The regional situation also favors the Houthis, who are supported by Iran, rather than Islah, who are now unprotected after losing the support of Saudi Arabia. This was the result of the growing fear in Saudi Arabia of the Muslim Brotherhood and the stance the Yemeni Brotherhood took concerning the military coup in Egypt, as well as the fact that Riyadh has started to accept the change of power in Yemen in favor of the Houthis. However, this does not mean that it is completely out of the scene, as Hadi flew to Saudi Arabia when Amran failed, to ask for financial and political support.

Some observers, like Sanna-based political consultant Abdul Ghani al-Iryani, think that the Houthis have earned a great deal of military gains and that their military faction, led by Abu Ali al-Hakem, is now out of the control of the political leadership, which is a dangerous sign. However, due to the international and regional interventions, Iryani does not find the Houthis to be on their way to expanding even more.

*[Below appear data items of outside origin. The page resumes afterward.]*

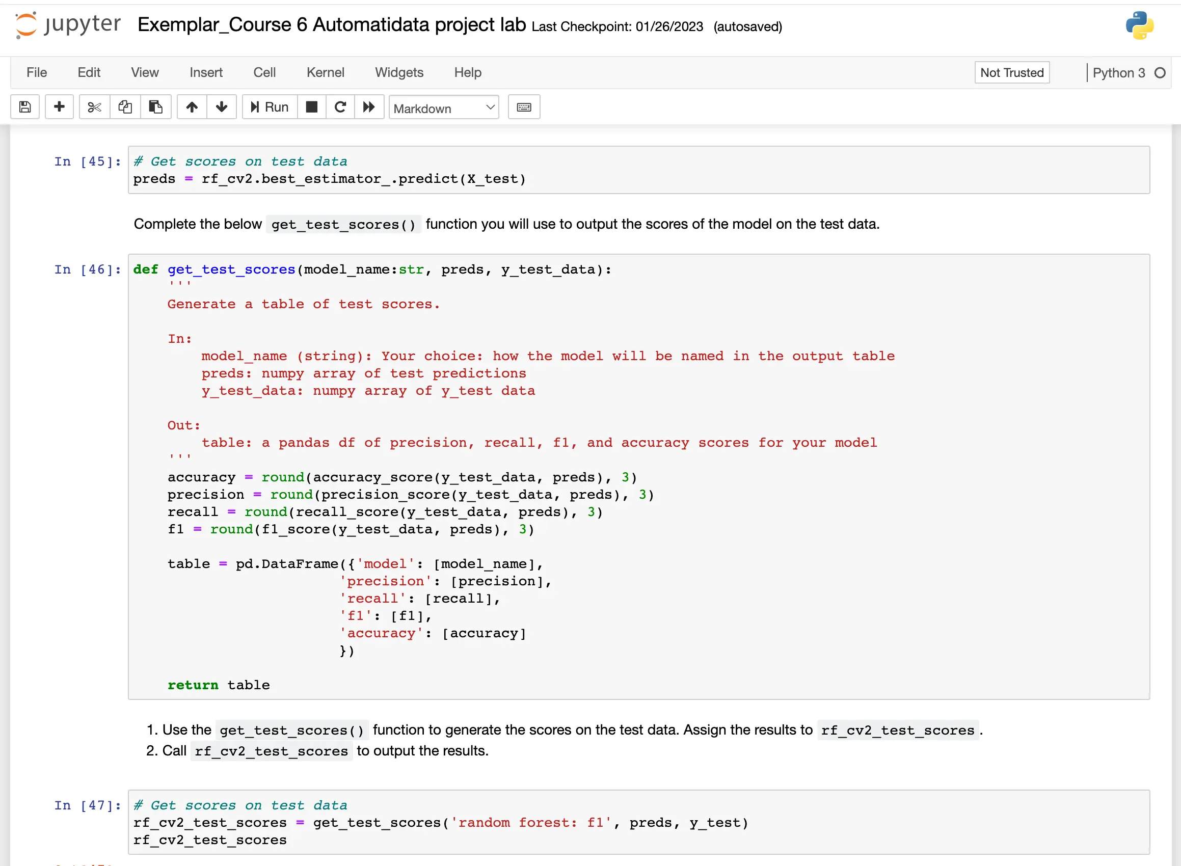 Here is an example of how the code you’ll have to write as part of the end-of-course project.
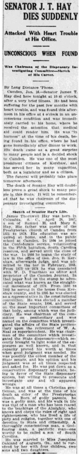 Camden, Jan. 16.-Senator James T. Hay died here tonight at 10:45 o’clock, after a very brief illness. He had been suffering for the past few months with heart trouble, and was found this afternoon in his office at 4 o’clock in an unconscious condition and was immediately carried to his home, where he received the attention that medical aid could render him. He was “in harness” at the time of his death, being found in his office, where he had gone immediately after dinner to work. His death came as a great surprise to many people and is a decided shock to Camden. He was one of the most prominent citizens of Kershaw, and has served her in many capacities, both as a legislator and as a citizen.
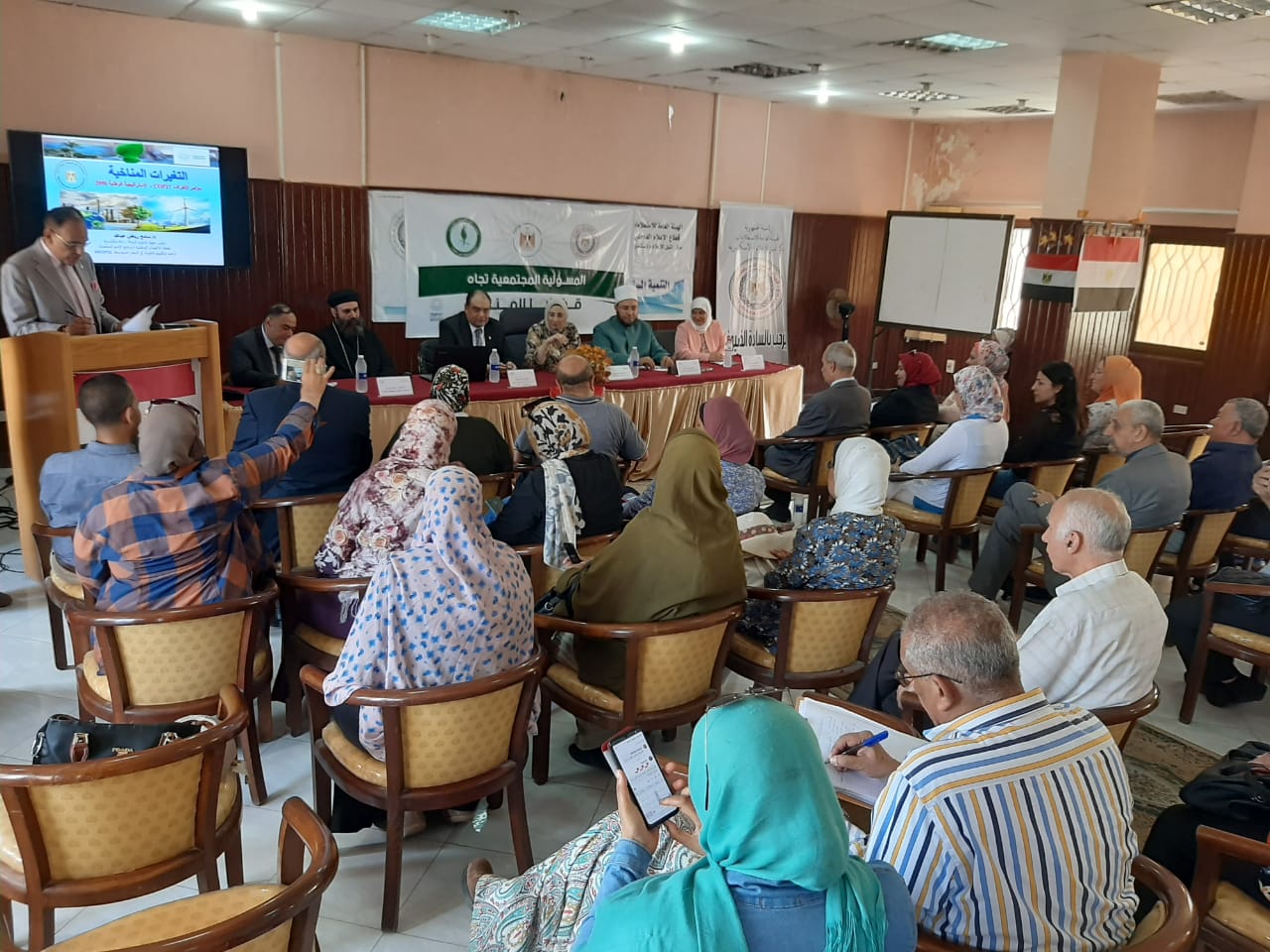وتحدث الدكتور سامح رياض رئيس الادارة المركزية لجهاز شئون البيئة بغرب الدلتا، عن اهمية الحوار المجتمعى في طرح افكار ومقترحات وحوار متبادل حول التغيرات المناخية، و واكد إن نسبة الانبعاثات المنبعثة في مصر تمثل 0.6٪ من إجمالي الإنبعاثات العالمية، وان اهم اسباب زيادة تركيزات غازات الاحتباس الحراري هي المخلفات الصلبة والعمليات الصناعية والزراعية وحرائق الوقود، و أن تغطية المناطق بالثلوج في بعض ميادين المحافظة ، و تغير الملامح المناخية للموسم الشتوي و الصيفي، و تقلص المساحة الرملية في بعض الشواطئ والازدياد المطرد في درجات الحرارة وتغير معدلات سقوط الامطار تعد من أهم مؤشرات ظاهرة التغيرات المناخية.
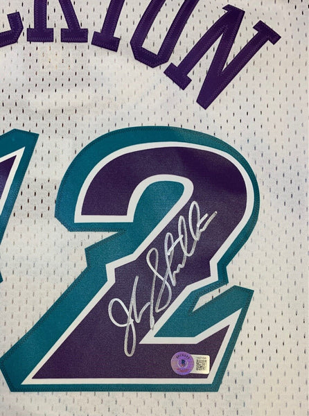 John Stockton has autographed this official Utah M&N jersey. Size XXL name and numbers sewn on. Always a TOUGH autograph. These were signed in January 2024. Autograph was witnessed and authenticated by Beckett Authentication Services (BAS). Simply scan the QR code hologram on your item to verify authenticity on their site. 100% authentic.Stock image.
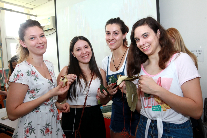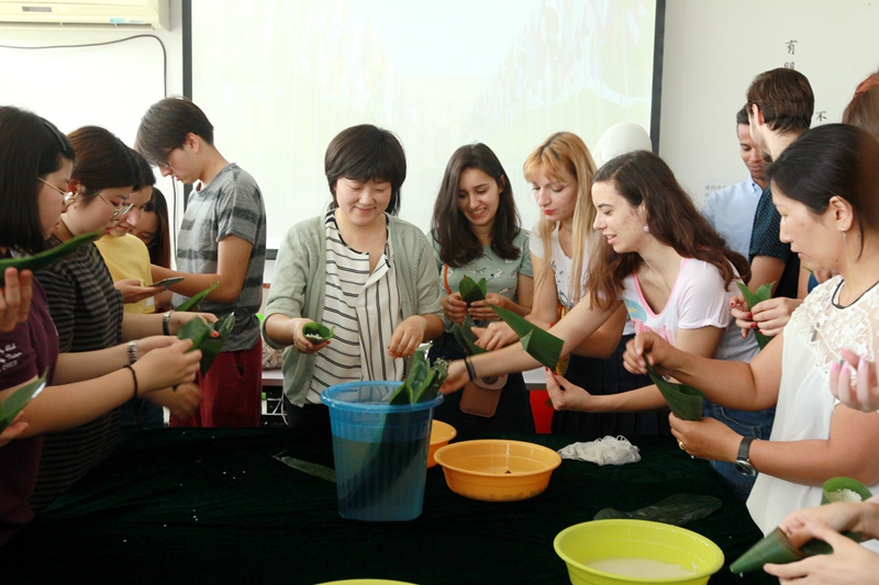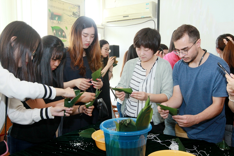 6月15日,每日大赛 100多名来自泰国、土耳其、埃塞俄比亚、亚美尼亚、意大利、俄罗斯、美国、葡萄牙、哥伦比亚等国的留学生,聚集在每日大赛 南楼活动厅,与老师一起包粽子,感受中国端午文化,共同迎接端午佳节的来临。
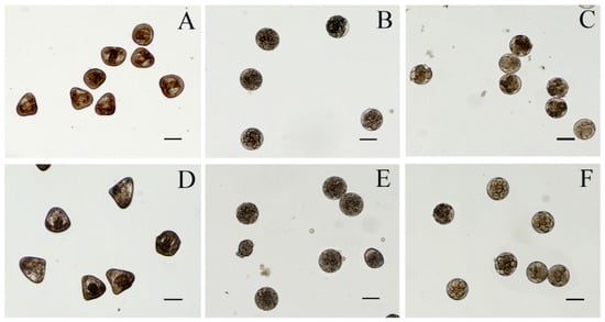Micrographs of P. lividus embryos after 24 h of treatment with cyanobacteria extracts. (A) Control sample; (B,C) sea urchin embryos treated with aqueous extracts from Cyanobium sp. ITAC108 and Synechococcus sp. ITAC107, respectively; (D) sea urchin embryos treated with hexane extracts from Synechococcus sp. ITAC107; (E,F) sea urchin embryos treated with methanolic extracts from Cyanobium sp. ITAC108 and Synechococcus sp. ITAC107, respectively. Bar represents 100 µm.
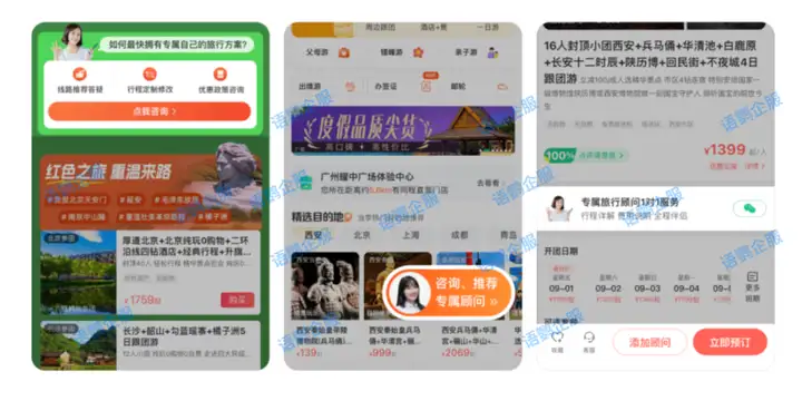 如同程旅行在其App中使用「获客助手」,客户点击即可1步添加旅行顾问,客户添加率提升了40%。
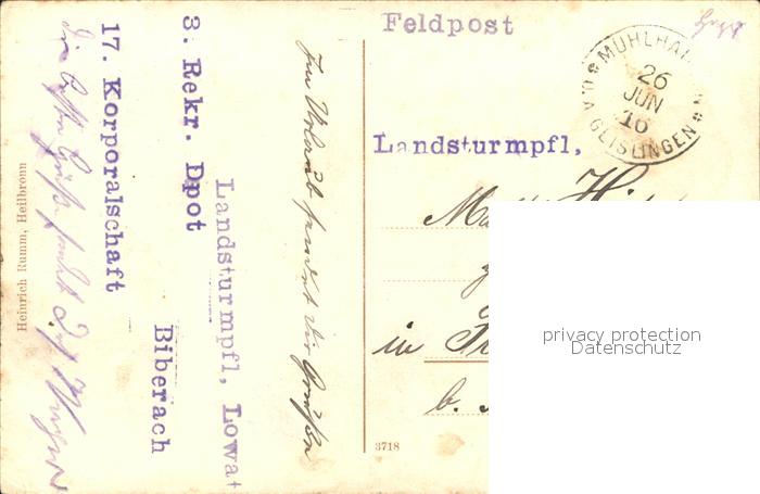 31722204 alte Postkarte Muehlhausen Taele postalisch gelaufen Feldpost Erhaltung siehe scans KatCode: 11110008117035
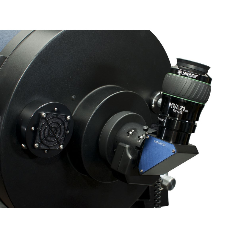 Advanced Coma-free Optics (ACF): Das optische Design ACF von Meade unterdrückt die typischen Abbildungsfehler aller Spiegel-Optiken. Die Sterne sind dank ACF auch am Rand des Bildfeldes punktförmig, zeigen also keine längliche Verzerrungen, die an Kometen erinnern. Das Bildfeld ist flacher als bei klassischen Schmidt-Cassegrain-Teleskopen. Insbesondere in der astrofotografischen Anwendung spielt die ACF-Optik ihre Stärken aus.
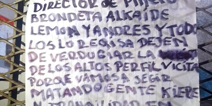 “Director de Piñero, Alcalde y personal de requisa: dejen de verduguear a las visitas de los alto perfil porque van a seguir matando gente. ¿Quieren tranquilidad?”, decía la nota con errores gramaticales y de ortografía. La señal es obvia: el penal de Piñero aloja a muchos de los hampones de las líneas medias de las principales bandas que operan en la zona.
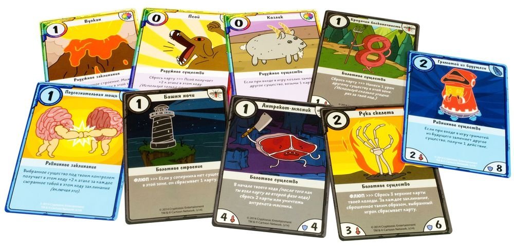 "Время приключений: карточные войны" — самая эпичная настольная игра, какую можно найти в землях Ууу... да и не только там! В настольное сражение вступают добрые земли — вместе с доброзавром, пушистым козликом и ванильным ангелком. И только губительная мощь вулкана способна обуздать это нашествие милоты!
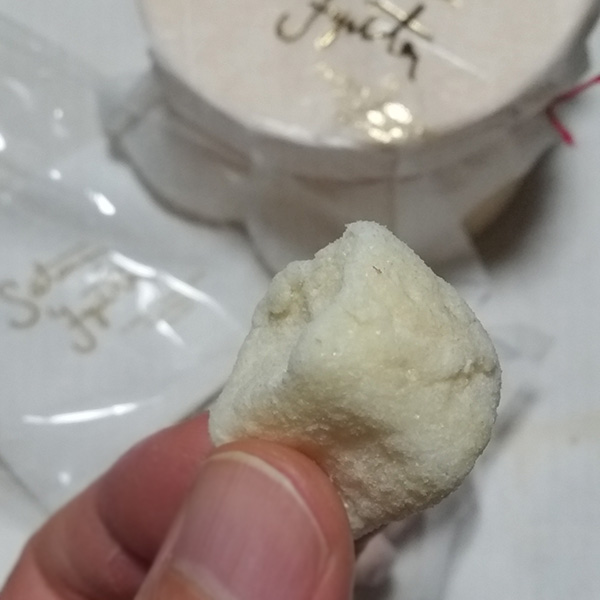 その触感に後ろ髪を引かれる思いですが、そっーと口に運びゆっくりと舌のうえにおいてみます。
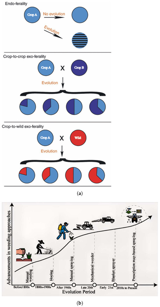 The transition from traditional weeding methods to intelligent automation has been gradual, beginning with basic mechanized solutions and progressing toward advanced, data-driven technologies to accommodate with the mutating weed species which are undergoing a rapid transformation alongside as seen in Figure 5. Initially, mechanical weed control techniques, such as tractor-mounted cultivators, served as alternatives to manual labor. Over time, these systems have evolved to incorporate artificial intelligence (AI), computer vision, and automation, allowing for more precise and efficient weed management [5,12,20,21,22]. There even exist autonomous robotic weeders equipped with mechanical or laser-based removal systems and GPS-integrated IoT solutions [23,24,25,26] for optimized field operations [12,26,27,28]. This evolution reflects a significant shift from generalized mechanical weeding to precision-based approaches that minimize labor dependency while enhancing overall agricultural sustainability [29].
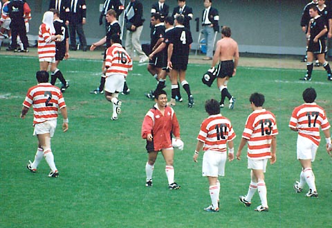 ノーサイド後、最後まで頑張った選手達を出迎える堀越選手。
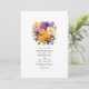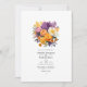 Purple, orange, and yellow floral wedding invitation. Ideal for any given theme or garden wedding. The QR code on the reverse directs to your wedding site where people can learn more and rsvp

He also believes that things on the battlefield are going to calm down.

On the other hand, Yemeni journalist Abdul Bary Taher sees the Houthis as an armed militia and thinks that the political side is only a fragile layer that would make sure the military fight continues, but at a slower pace. The Houthis will most probably try to take over all the geographical area of Zaydi, surrounding the capital Sanaa, but without fighting in Sanaa itself. Even though the capital is a historical Zaydi city, over the past decade it has become a city for Yemenis from all different religious sects. Opinions vary concerning what could happen and how much control Hadi and the countries supporting the GCC initiative have on the situation. However, it is certain that the next few months will determine the outcomes of the conflict in Yemen. Will there be signs of peace or escalation?